What is the value of t in the equation below?
(7^-64)x(7^-150)/(7^-7)x(7^2)=7^t
Help please i get lost when its a huge problem like this but if it's short i can solve it.
just add exponents when multiplying and subtract when dividing. So,
(7^-64)x(7^-150)/(7^-7)x(7^2)
= 7^(-64-150+7-2)
= 7^-209
so, t = -209
or, knowing that negative exponents mean that you swap places in the fraction, you have
7^7 / (6^64 * 7^150 * 7^2) = 1/7^209
its wrong
To find the value of t in the given equation (7^-64)x(7^-150)/(7^-7)x(7^2) = 7^t, we can simplify the equation by applying the rules of exponents and then equate the resulting expression with 7^t.

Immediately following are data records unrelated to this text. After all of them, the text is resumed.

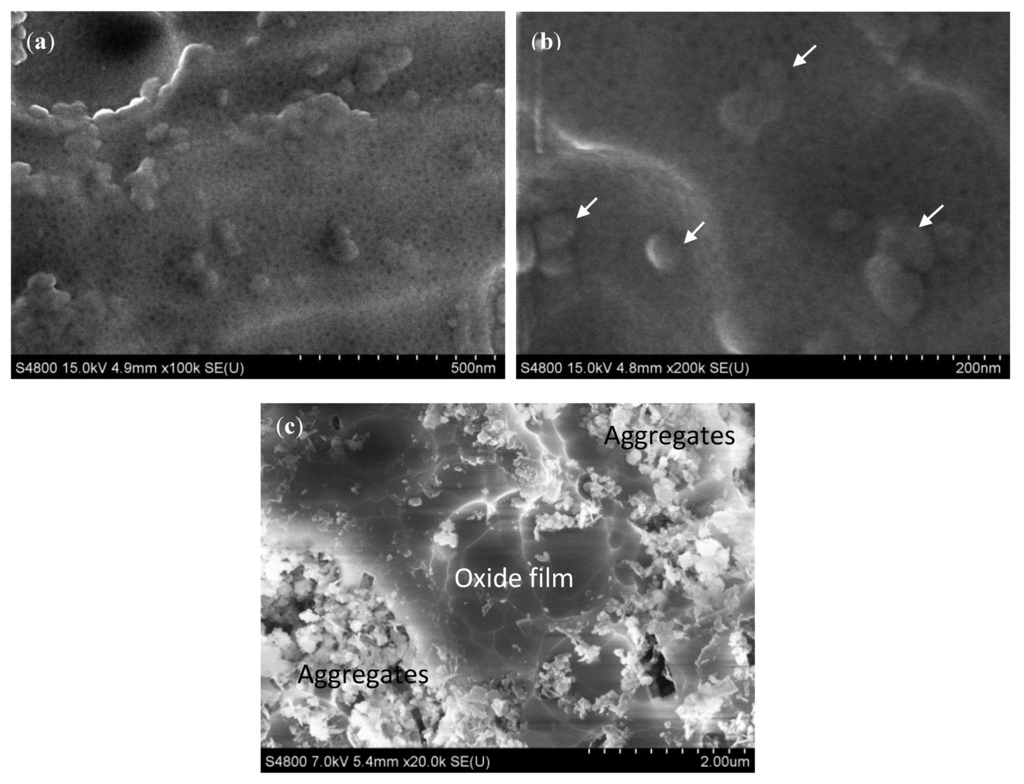 Figure 8a shows the top view of the porous anodic film grown on the Al/5 vol% SiCnp. The average pore diameter ranges between 5 and 15 nm. These values are similar in all of the specimens evaluated in this work. Thus, the pore diameter is not influenced by the reinforcement volume fraction or the processing method of the aluminum alloys. These values are in the same range as those reported in the literature for some aluminum alloys anodized under similar conditions [38,39]. Moreover, the surface of the 5 vol% SiCnp specimen also shows rounded morphologies of 30–80 nm in diameter that appear to be the SiC particles embedded in the film, as can be observed in Figure 8b (white arrows).
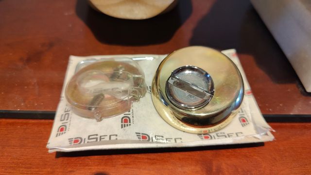 Escudo de seguridad Disec, nuevo y en su embalaje original. ALTA SEGURIDAD PARA TU BOMBIN EUROPEO - Acabado en latón. - Diseño moderno y robusto.
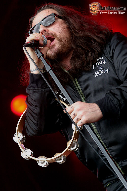 Para rematar el viernes (ya con un frío considerable y "chirimiri" constante de ese que no moja demasiado pero jode), la duda era entre IN FLAMES, darle una mínima oportunidad a MAYHEM o ir a por MONSTER MAGNET, de los que me habían hablado maravillas en directo. Y bueno, IN FLAMES hicieron uno de los imprescindibles del día según opiniones generales… pero no los vimos; MAYHEM… en fin, dejémoslo en que mi amigo Fernando Checa y yo fuimos de los muchos que les concedimos 5 minutos de cortesía, pero a los dos o tres como mucho de su actuación vimos que la tomadura de pelo ya la habíamos visto completa en Atarfe hace tiempo… Así que la decisión en este caso 100% acertada fue ir a ver el conciertazo de los de David Wyndorf (aún algo orondo, con el pelo más corto pero muy recuperado tras su rehabilitación de sus múltiples adicciones de antaño) en la carpa Terrorizer. De hecho, no fuimos los únicos, especialmente tras ver llegar riadas de la otra carpa poco a poco, y al final el concierto fue una olla a presión pero un superespectáculo y una lección maestra de cómo dar conciertos de rock sudoroso y guitarrero en directo.
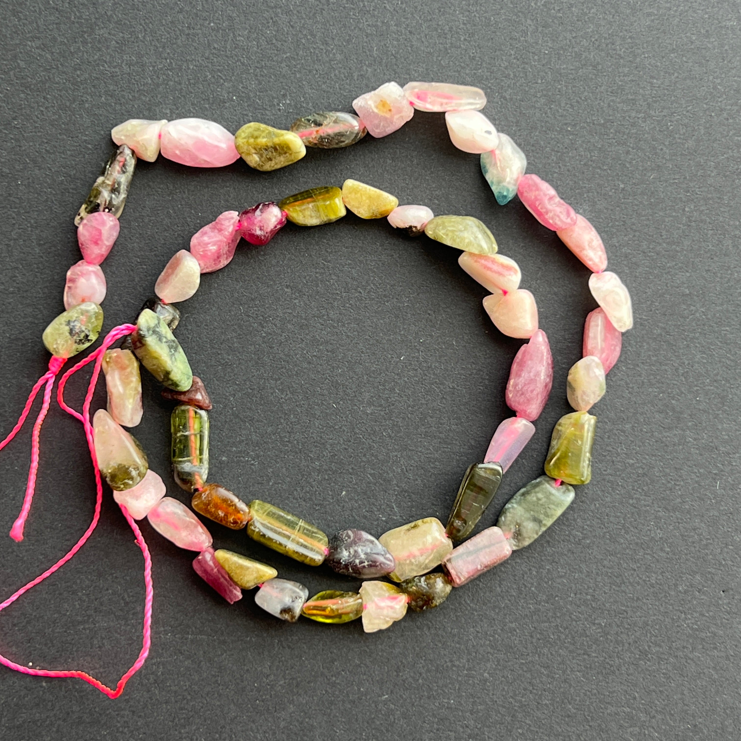 Микс от розов турмалин, съставен от груби валцувани камъни естествено, идеален за колиета, гривни или други ръчно изработени бижута.

Let's break it down step by step:
Step 1: Apply the rule for multiplying exponents with the same base:
(7^-64) x (7^-150) = 7^(-64 - 150)
Step 2: Apply the rule for dividing exponents with the same base:
(7^(-64 - 150))/(7^-7) = 7^(-64 - 150 + 7)

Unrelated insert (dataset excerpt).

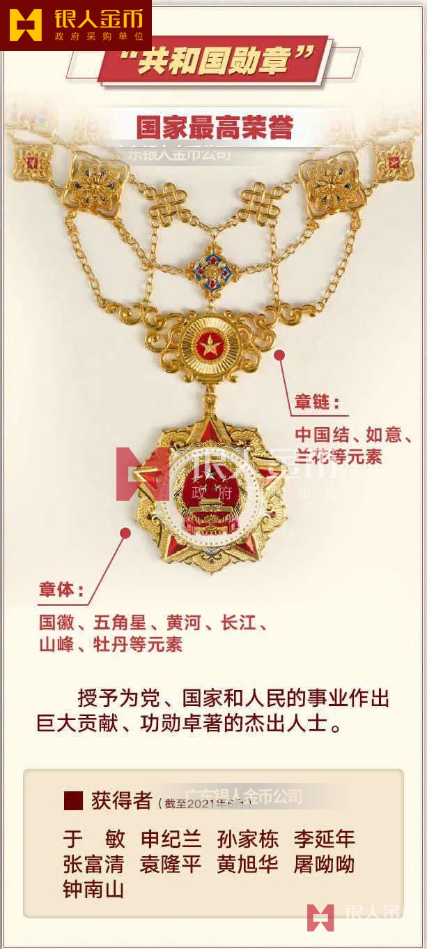 勛章是黨、國家、軍隊的至高榮譽,目前主要有“共和國勛章”、“七一勛章”、“八一勛章”、“友誼勛章”四種。
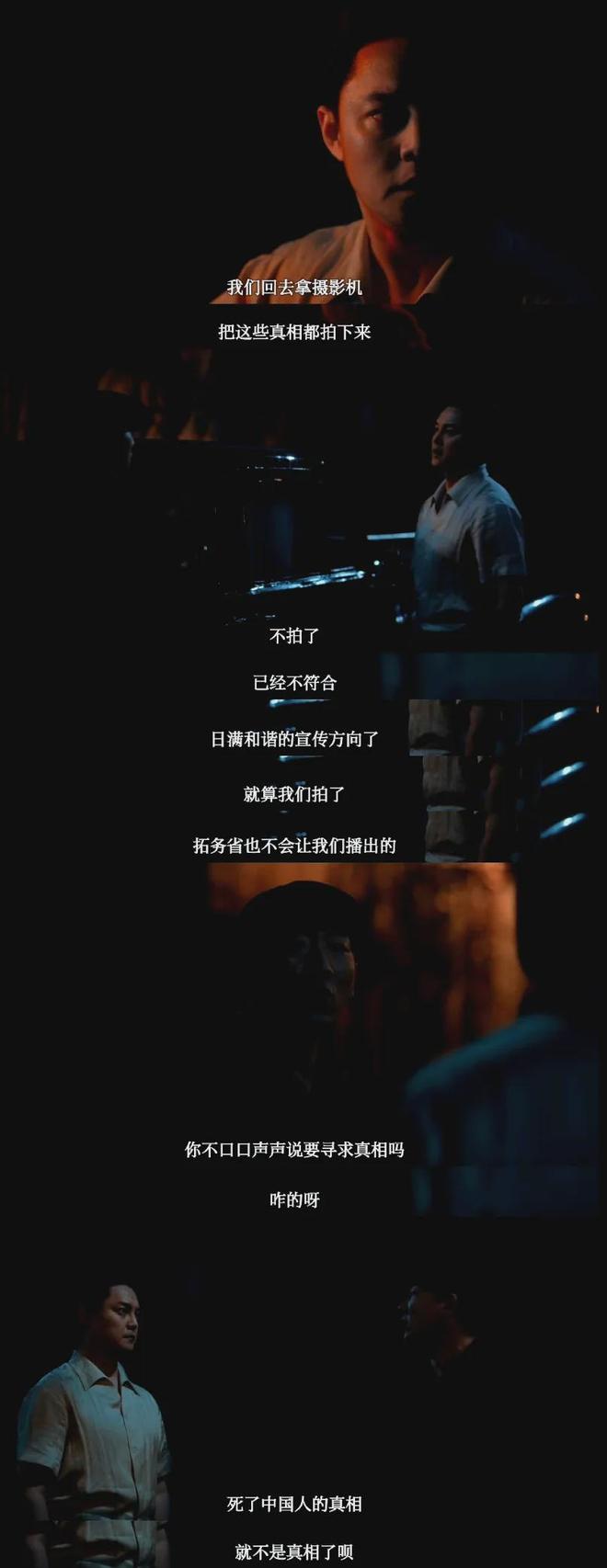 尹正饰演的日本导演更让人印象深刻,他把一个口口声声说用摄影机记录真相,但是真遇到日军残害中国人的事实时,却选择逃避和自我洗脑的自欺欺人,演绎得真实又细腻。而且他日语台词和汉语“外语感”切换得自然流畅,完全看不出表演痕迹,可见对这个角色是真下功夫了。

Step 3: Apply the rule for multiplying exponents with the same base:
7^(-64 - 150 + 7) x (7^2) = 7^(-207 + 2)
Step 4: Simplify the exponents:
7^(-207 + 2) = 7^-205
Now, we have simplified the left side of the equation to 7^-205.
Step 5: Equate the simplified expression with 7^t:
7^-205 = 7^t
Since the bases are the same (7), the exponents must be equal. Therefore, t = -205.
So, the value of t in the given equation is -205.